Quarterly report pursuant to Section 13 or 15(d)

Organization and Description of Business

v3.10.0.1
Organization and Description of Business
6 Months Ended
Jun. 30, 2018
Organization Consolidation And Presentation Of Financial Statements [Abstract]  
Organization and Description of Business

1. Organization and Description of Business

CymaBay Therapeutics, Inc. (the “Company” or “CymaBay”) is a clinical-stage biopharmaceutical company focused on developing and providing access to innovative therapies for patients with liver and other chronic diseases with high unmet medical need. The Company’s two key clinical development candidates are seladelpar (MBX-8025) and arhalofenate. Seladelpar is currently being developed for the treatment of primary biliary cholangitis (PBC) and the Company is also developing seladelpar for the treatment of nonalcoholic steatohepatitis (NASH). Arhalofenate is being developed for the treatment of gout and has been out-licensed in the United States. The Company was incorporated in Delaware in October 1988 as Transtech Corporation. The Company’s headquarters and operations are located in Newark, California and it operates in one segment.

Liquidity

The Company has incurred net operating losses and negative cash flows from operations since its inception. During the six months ended June 30, 2018, the Company incurred a net loss of $34.5 million and used $19.3 million of cash in operations. At June 30, 2018, the Company had an accumulated deficit of $485.1 million. CymaBay expects to incur substantial research and development expenses as it continues to study its product candidates in clinical trials. To date, none of the Company’s product candidates have been approved for marketing and sale, and the Company has not recorded any revenue from product sales. As a result, management expects operating losses to continue in future years. The Company’s ability to achieve profitability is dependent primarily on its ability to successfully develop, acquire or in-license additional product candidates, continue clinical trials for product candidates currently in clinical development, obtain regulatory approvals, and support commercialization activities for partnered product candidates. Products developed by the Company will require approval of the U.S. Food and Drug Administration (FDA) or a foreign regulatory authority prior to commercial sale.
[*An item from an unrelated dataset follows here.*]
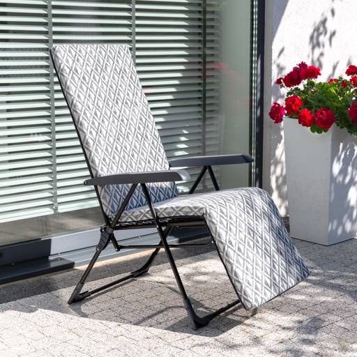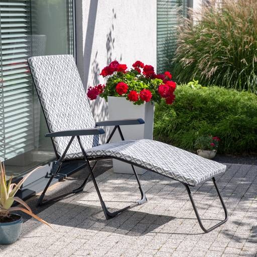 The folding lounger Modena with a multi-position mechanism, square backrest, steel frame, and comfortable seat ensures a relaxing experience in a garden.
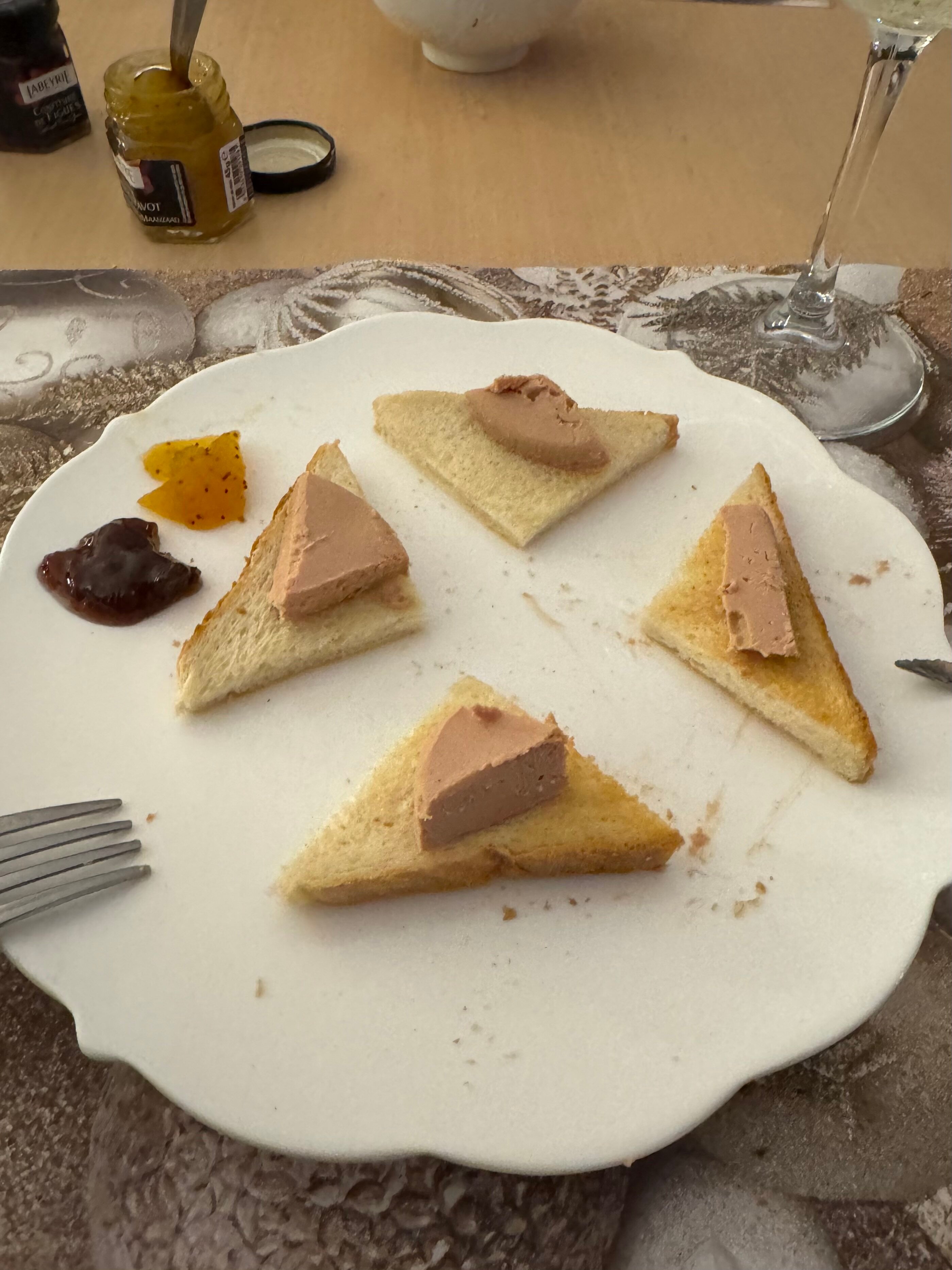 En entrée, des toasts de foie gras avec du confit de figues et de fruits de la passion

The regulatory approval process is expensive, time-consuming, and uncertain, and any denial or delay of approval could have a material adverse effect on the Company. Even if approved, the Company’s products may not achieve market acceptance and will face competition from both generic and branded pharmaceutical products.

From January through June 1, 2018, the Company paid $1.6 million of principal payments due under its term loan facility with Oxford Finance LLC and Silicon Valley Bank. On June 4, 2018, the Company repaid in full the remaining outstanding balance of the 2015 Term Loan Facility of $4.2 million plus a final fee of $0.7 million (See Note 5). 

As of June 30, 2018, the Company’s cash, cash equivalents and marketable securities totaled $212.1 million. The Company believes these funds are sufficient to fund the Company’s current operating plan into 2021. The Company expects to incur substantial expenditures in the future for the development and potential commercialization of its product candidates. Because of this, the Company expects its future liquidity and capital resource needs will be impacted by numerous factors, including but not limited to, the ongoing Phase 2b clinical trial activities in NASH, and most significantly, the timing and conduct of additional PBC development activities, including an ongoing Phase 2 clinical trial, a planned Phase 3 clinical trial, and other new drug application (NDA)-enabling studies. The Company has obtained and expects to obtain additional funding to develop its products and fund future operating losses, as appropriate, through equity offerings; debt financing; its existing license and collaboration arrangement with Kowa Pharmaceutical America, Inc. (Kowa); one or more possible licenses, collaborations or other similar arrangements with respect to development and/or commercialization rights of its product candidates; or a combination of the above. It is unclear if or when any such transactions will occur, on satisfactory terms or at all. The Company’s failure to raise capital as and when needed could have a negative impact on its financial condition and its ability to pursue its business strategies. If adequate funds are not available to the Company, it could have a material adverse effect on the Company’s business, results of operations, and financial condition.